The squeegee roller 26 is made by moulding a soft polyurethane
rubber coating onto a metal core, coating the moulded core with a
conductive lacquer and coating the lacquer with a low conductivity
elastomer. Alternatively, in an alternative embodiment, the moulded
coating can be made of an elastomer with a controlled conductivity
and the lacquer can be omitted. In a further alternative
embodiment, a single coating of controlled conductivity elastomer
is used and the outer layer is omitted.
[0064] Discharge device 28 is operative to flood the sheet 12 with
light which discharges the voltage remaining on sheet 12, mainly to
reduce electrical breakdown and improve transfer of the image to
intermediate transfer member 30. Operation of such a device in a
`write black` system is described in U.S. Pat. No. 5,280,326.

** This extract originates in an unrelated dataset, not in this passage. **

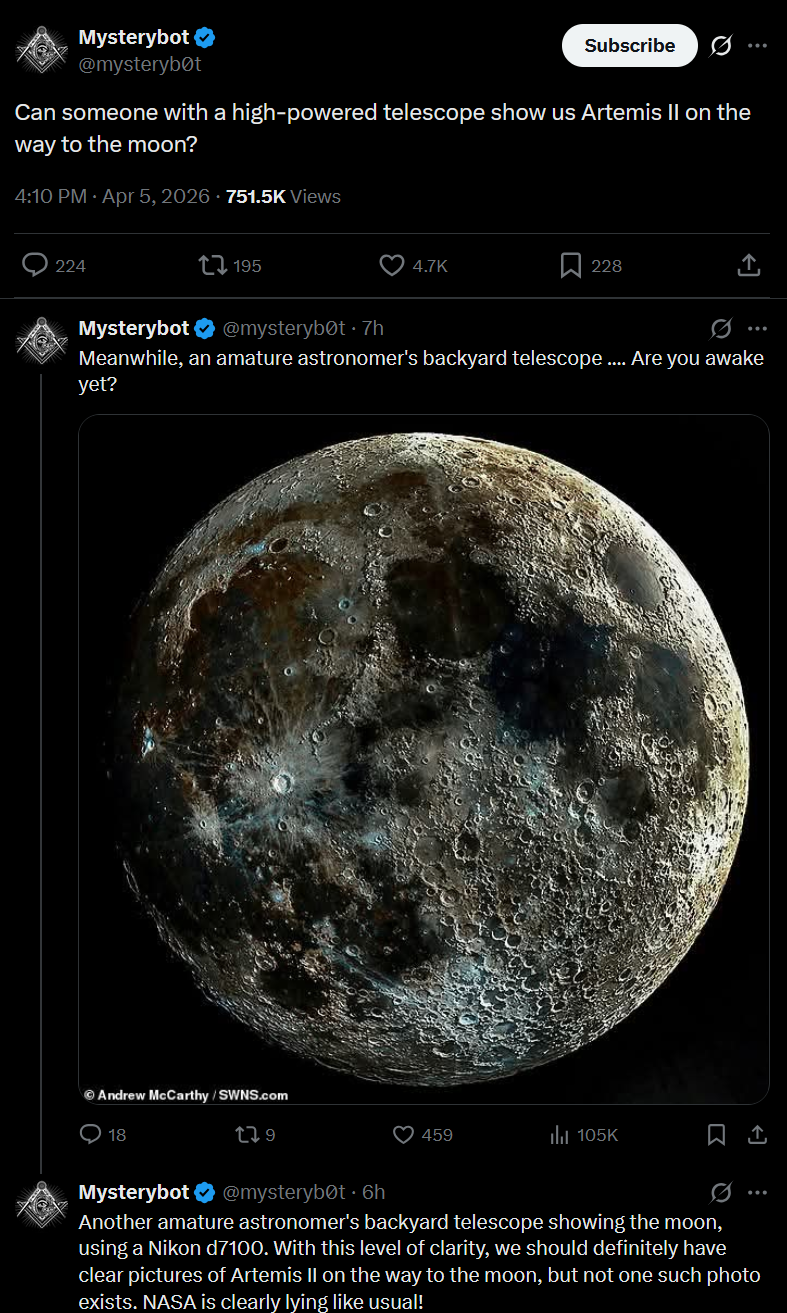 > === THE FINAL 24 HOURS === <The Orion spacecraft is now within 50,000 miles of the moon. There's less than a day before they arrive.>Artemis II MissionArtemis II NASA's first crewed mission to the Moon in over 50 years. Launched on April 1, 2026, the four-person crew is currently on a ~10-day lunar flyby mission aboard the Orion spacecraft. This is the first time humans have traveled beyond low Earth orbit since Apollo 17 in 1972. The flight is testing systems for future lunar landings.>Live Coveragehttps://www.youtube.com/watch?v=m3kR2KK8TEshttps://www.youtube.com/watch?v=6RwfNBtepa4>Mission Trackershttps://www.nasa.gov/missions/artemis-ii/arowhttps://artemis-ii-tracker.comhttps://issinfo.net/artemis.html>The CrewReid Wiseman (Commander) - Navy test pilot and former ISS astronaut.https://www.nasa.gov/people/reid-wisemanVictor Glover (Pilot) - Navy aviator, first black astronaut to live aboard the ISS, and Crew-1 pilot.https://www.nasa.gov/humans-in-space/astronauts/victor-j-gloverChristina Koch (Mission Specialist) - Record holder for longest single spaceflight by a woman (328 days).https://www.nasa.gov/people/christina-kochJeremy Hansen (Mission Specialist) - Canadian Space Agency astronaut, fighter pilot and physicist.https://www.asc-csa.gc.ca/eng/astronauts/canadian/active/bio-jeremy-hansen.asp>What is Orion?Orion is NASA's deep space exploration spacecraft designed to take humans to the Moon and beyond. This is its first crewed flight.https://www.nasa.gov/humans-in-space/orion-spacecraft/>Photoshttps://www.nasa.gov/gallery/artemis-ii-astronautshttps://www.nasa.gov/gallery/journey-to-the-moonhttps://www.nasa.gov/gallery/artemis-ii-launchhttps://www.nasa.gov/gallery/artemis>Additional Readinghttps://www.nasa.gov/mission/artemis-iihttps://en.wikipedia.org/wiki/Artemis_IIhttps://en.wikipedia.org/wiki/Orion_(spacecraft)Previous schizophrenia: >>532436471
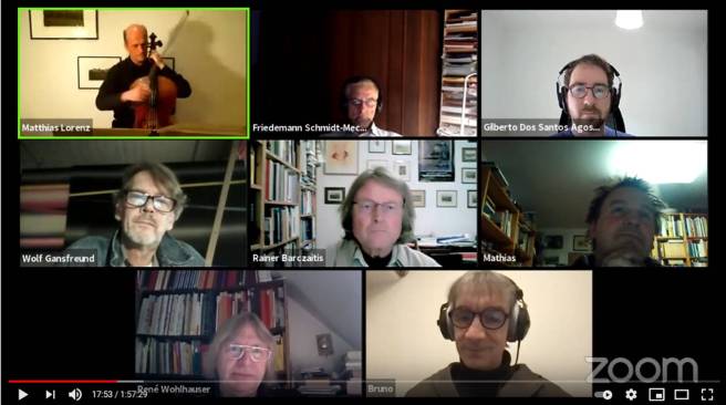 Die Teilnehmerzahl des MOS ist weiter gewachsen, diesmal waren acht aktive Mitwirkende permanent dabei, eine Teilnehmerin nutzte die Möglichkeit, den YouTube-Stream zu verfolgen und für eine Wortmeldung vorübergehend auf die Zoom-Plattform zu wechseln. Dort, wo sich wie schon zuletzt Musiker und Komponisten aus Deutschland und Europa versammelt hatten, ging es diesmal besonders lebhaft zu.

[0065] FIGS. 1 and 2 further show that multicolour toner spray
assembly 20 receives separate supplies of liquid coloured toner
typically from four different reservoirs 55, 57, 59 and 61. FIG. 1
shows four different coloured toner reservoirs 55, 57, 59 and 61
typically containing the colours Yellow, Magenta, Cyan and,
optionally, Black respectively. Pumps 90, 92, 94 and 96 may be
provided along respective supply conduits 98, 101, 103 and 105 for
providing a desired amount of pressure to feed the coloured toner
to multicolour spray assembly 20.
[0066] It will be appreciated however that the present invention is
equally applicable to monochrome printers and not only to
multicolour printers.
[0067] Alternatively, the multicolour toner spray assembly 20,
which is preferably a three level spray assembly, receives supplies
of coloured toner from up to six different reservoirs (not shown)
which allows for custom coloured toner in addition to the standard
process colours.
[0068] It will be appreciated that other toners may alternatively
be employed, including powder toners.
[0069] Cleaning apparatus 32 is operative to scrub clean the
surface of photoreceptor 12 and preferably includes a cleaning
roller 74, a sprayer 76 to spray a non-polar cleaning liquid to
assist in the scrubbing process and a wiper blade 78 to complete
the cleaning of the photoconductive surface. The cleaning roller
74, which may be formed of any synthetic resin known in the art for
this purpose, is driven in the same sense as drum 10 as indicated
by arrow 80, such that the surface of the roller scrubs the surface
of the photoreceptor. Any residual charge left on the surface of
photoreceptor sheet 12 may be removed by flooding the
photoconductive surface with light from optional neutralizing lamp
assembly 36, which may not be required in practice.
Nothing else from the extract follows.